Contrast learning (contrastive learning) is an unsupervised/self-supervised learning method that learns feature representations by maximizing the similarity of positive versus negative sample pairs. In contrast learning, each data sample is compared with other data samples to derive a similarity between them. For a pair of samples (x 1, x 2), the contrast learning algorithm calculates their distances d (x 1, x 2) in the feature space and then generates a scalar value s=g (d (x 1, x 2)) using a function g defined on the same feature space, representing the similarity of the pair of samples. In the subsequent training process, the comparison learning objective is to optimize the model parameters by maximizing the similarity of similar pairs of samples and minimizing the similarity of heterogeneous pairs of samples, thereby obtaining a feature representation that can accurately distinguish between different samples.

S104: and carrying out fusion and combination training on the cross entropy loss and the contrast learning loss to obtain a malicious software detection model.

In this embodiment, fusing and combining the cross entropy loss and the contrast learning loss with training specifically may include: acquiring a preset weight alpha for comparing learning loss; cross entropy loss L according to weight _main And contrast learning loss L _auxiliary Performing joint calculation to obtain total loss L; back-propagating the total loss and continuously updating parameters; when the total loss converges, training is finished, and a malicious software detection model is obtained.

The specific calculation process is as follows:

L＝L _main +α·L _auxiliary ；

the loss function for calculating the cross entropy loss is softmax loss, which is formulated as:

wherein { z ₁ ,z ₂ …z _C And the model predicts the value of each software classification category.

The loss function for calculating the contrast learning loss is info NCE loss, with a set of samples { k for sample q ₁ ,k ₂ ,k ₃ … } in contrast, let k be the number of samples that match ₊ . The loss function for sample q is expressed as:

when q matches sample k with it ₊ Similarly, when it is different from all other samples (considered as negative examples of q), its value is lower; τ represents the temperature coefficient, which is an adjustable super-parameter.

By applying the method for constructing the malicious software detection model provided by the embodiment of the application, based on supervised malicious software detection, a comparison learning framework in self-supervision learning is introduced, and a large amount of unlabeled data in a production environment is learned, so that the model can adapt to a rapidly-changing malicious software attack mode in a real network scene, the aging problem of the model can be slowed down to a certain extent, and new malicious attacks can be detected.

Example 2:

referring to fig. 2, fig. 2 is a flowchart of another method for constructing a malware detection model according to an embodiment of the present application. The method may include:

s201: and constructing a supervised learning model and a self-supervised learning model.

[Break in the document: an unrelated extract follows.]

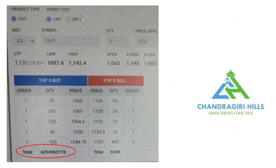 बिहीबार कारोबार खुलेको ५ मिनेटभित्र कम्पनीको चुक्तापुँजीभन्दा ३० गुणा बढी अर्थात ४ अर्ब २९ करोड कित्ता सेयर माग भएको मार्केट डेप्थमा देखिएको थियो । कारोबारको सुरुवातमै यस्तो अस्वभाबिक माग देखिएपछि लगानीकर्ताहरुले नेप्सेले सञ्चालनमा ल्याएको ट्रेड म्यानेजमेन्ट सिस्टमको प्रमुख भेण्डर कम्पनी वाइकोमाथि चन्द्रागिरी हिल्सको सेयरमा चलखेल गरेको संगीन आरोप लगाएका छन् ।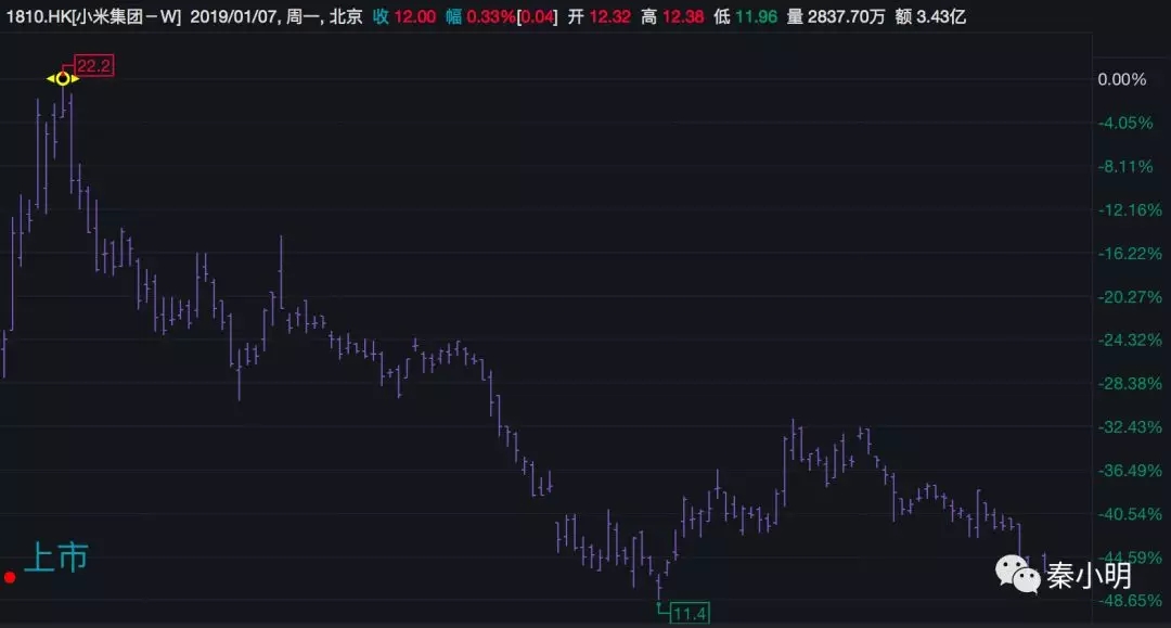 事实上,不仅苹果公司在中国市场表现不佳,我们考察其他本土品牌,一样会得出同样的结论。不妨看看去年中上市的小米公司的股价走势图:

S202: calculating a labeled software sample through a supervised learning model to obtain cross entropy loss of a supervised side;

s203: and acquiring the unlabeled API sequence of the unlabeled software sample through a sandbox dynamic analysis technology.

The principle of sandbox technology is to encapsulate an application program to run in a virtual "box" that has its own resources such as operating system, file system, network interface, etc., isolated from the host system. Thus, even if an application is infected or attacked, it can only affect the environment within the "box" and cannot harm the host system and other applications.

During the sandbox run phase, the sample is executed in the virtual environment, and the sandbox captures the system API execution sequence called by the sample in the environment using an API Hook (which is a scanning tool used to detect information generated during the running of a given program). By sandboxed dynamic analysis technique, a sample API sequence fragment is collected as shown in table 1, table 1 is an example of an API execution sequence:

TABLE 1

API number	API call name	API meaning
			0	CreateMutex	Creating mutex
1	GlobalMemoryStatus	Acquiring information of system memory
			2	ResumeThread	Starting suspended threads
…	…	…
			998	GlobalMemoryStatus	Acquiring information of system memory
999	NtCreateEvent	Opening event objects
			1000	ShellExecute	Running external programs

S204: before the unlabeled API sequence enters the embedding layer, the masking method in contrast learning is utilized to carry out data enhancement by shielding part of unlabeled APIs, and the enhanced positive and negative sample pairs are obtained.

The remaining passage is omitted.